» WHAT TO WORK ON: Print, word for word, every line from the beginning of the listing up to and including the line with "В квартире сделан". Pictures are to be excluded.

» AVAILABLE DATA:

========

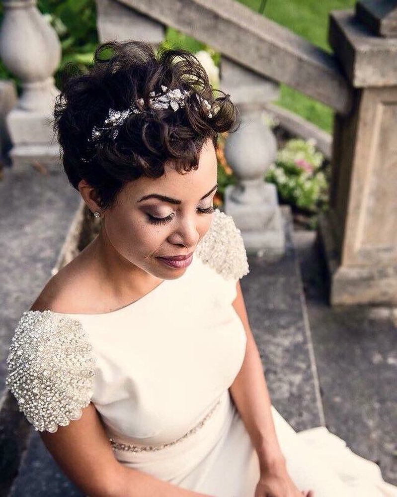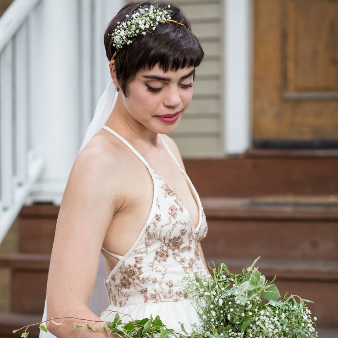 Honestly, you don’t have to do a ton to your pixie cut to look absolutely stunning on your wedding day. Sometimes simple is best! Just add a crown and a veil, and you are all set to go. How easy is that?!
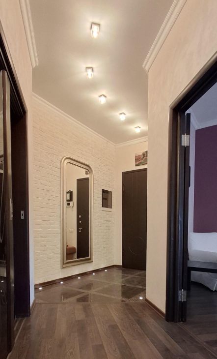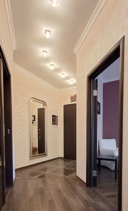В квартире сделан дизайнерский ремонт, что придаёт ей особый стиль и уют. В просторной ванной комнате есть ванна, душевая кабина, поэтому можно выбирать, как лучше расслабиться после долгого дня. Квартира полностью меблирована: есть мебель на кухне и в комнате. Из техники в вашем распоряжении: кондиционеры в каждом помещении, холодильник, посудомоечная машина, телевизор и стиральная машина. Подключён интернет, поэтому можно оставаться на связи и работать из дома, если это необходимо.
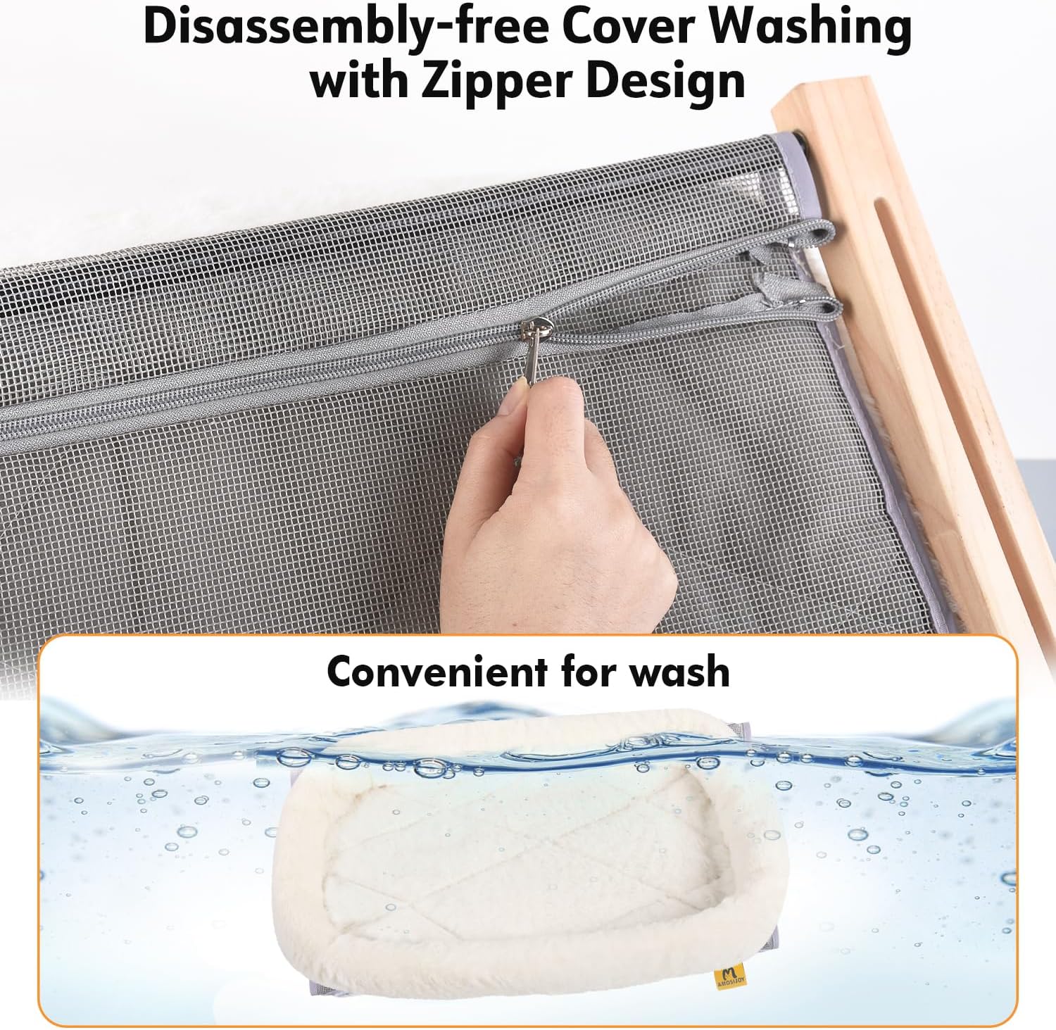 - Comfortable Cushion Bed Cover: This cat window perch is upgraded with thickened fluffy cushion bed cover, which give cats more comfort and safety while sleeping on it. The cover is made of soft plush fabric and cotton, perfect for keeping warm. Let your cats feel more comfortable while lying in this resting seat. It is of Velcro tape design, easy to remove for wash.

========

» RESULT OF THIS TASK:
 Honestly, you don’t have to do a ton to your pixie cut to look absolutely stunning on your wedding day. Sometimes simple is best! Just add a crown and a veil, and you are all set to go. How easy is that?!
В квартире сделан дизайнерский ремонт, что придаёт ей особый стиль и уют. В просторной ванной комнате есть ванна, душевая кабина, поэтому можно выбирать, как лучше расслабиться после долгого дня. Квартира полностью меблирована: есть мебель на кухне и в комнате. Из техники в вашем распоряжении: кондиционеры в каждом помещении, холодильник, посудомоечная машина, телевизор и стиральная машина. Подключён интернет, поэтому можно оставаться на связи и работать из дома, если это необходимо.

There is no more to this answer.